Just having "more than enough" to make it long term with a good lifestyle is comforting to us. Plus, we will leave a nice inheritance for the kids as it is. There comes a time when peace of mind is more important than thinking about glidepaths and a portfolio performance.

I'll take 4% long term now as long term may not be that long anymore. :(

Our old pal "Imoldernu" made it into his early 80's before checking out unexpectedly. And he did that over 20 years with two owned (small) homes, two old cars, SS (and small pension?), and a few hundred thousand dollars in cash or CDs. He was not ever in the market, and according to his posts, lived a nice retirement.

I'm sleeping well and my golf game is pretty good.:)
 
Recently, I have had a big awakening. Two of my close, long term friends passed away unexpectedly. One was younger, one a couple of years older. One was my weekly golf partner.

I am more worried about staying healthy at this age, although I am in great shape for my age, than I am about "glidepaths" or long term return on equities. My DW is very fragile and has a "death sentence " disease and that's much more of a concern to us than money is.

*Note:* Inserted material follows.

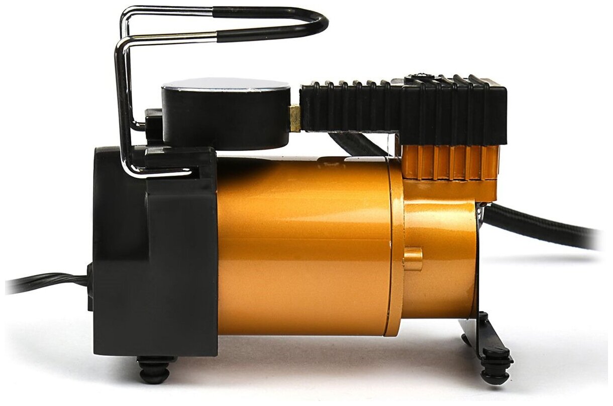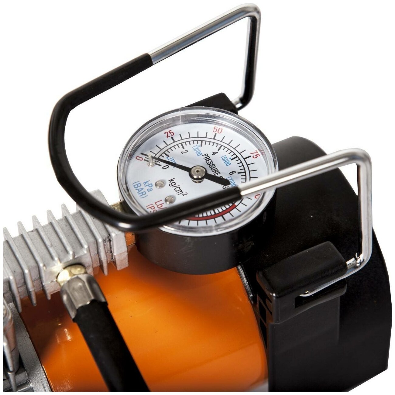 Эта модель устройства для накачивания шин имеет расширенные функции. К ним относятся аналоговый манометр, диапазон выбора давления и время непрерывной работы 30 минут при давлении 35 фунтов на квадратный дюйм. Кроме того, черный тканый шланг отличается прочностью и имеет длину 80 см.

If I feel like dabbling in equities again, I can still sell put options on stocks I wouldn't mind owning again. And if they get "put" to me, I'll sell call options to have them taken away :). But I won't risk big dollars playing that game.

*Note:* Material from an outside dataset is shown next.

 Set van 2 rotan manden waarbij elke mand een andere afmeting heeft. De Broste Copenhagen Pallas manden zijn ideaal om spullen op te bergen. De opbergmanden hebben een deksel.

Just having "more than enough" to make it long term with a good lifestyle is comforting to us. Plus, we will leave a nice inheritance for the kids as it is. There comes a time when peace of mind is more important than thinking about glidepaths and a portfolio performance.

I'll take 4% long term now as long term may not be that long anymore. :(

Our old pal "Imoldernu" made it into his early 80's before checking out unexpectedly. And he did that over 20 years with two owned (small) homes, two old cars, SS (and small pension?), and a few hundred thousand dollars in cash or CDs. He was not ever in the market, and according to his posts, lived a nice retirement.

I'm sleeping well and my golf game is pretty good.:)
All wise thinking IMHO. But what do I know, I'm just a youth of 63:)
 
If it makes you feel any better, I sold all my bond funds and put all of that allocation in treasuries. Biggest sell of my life…



I sold most of my long and mid term bond funds about two years ago when negative interest rates popped up in places like Switzerland and Germany. It proved to be a good move.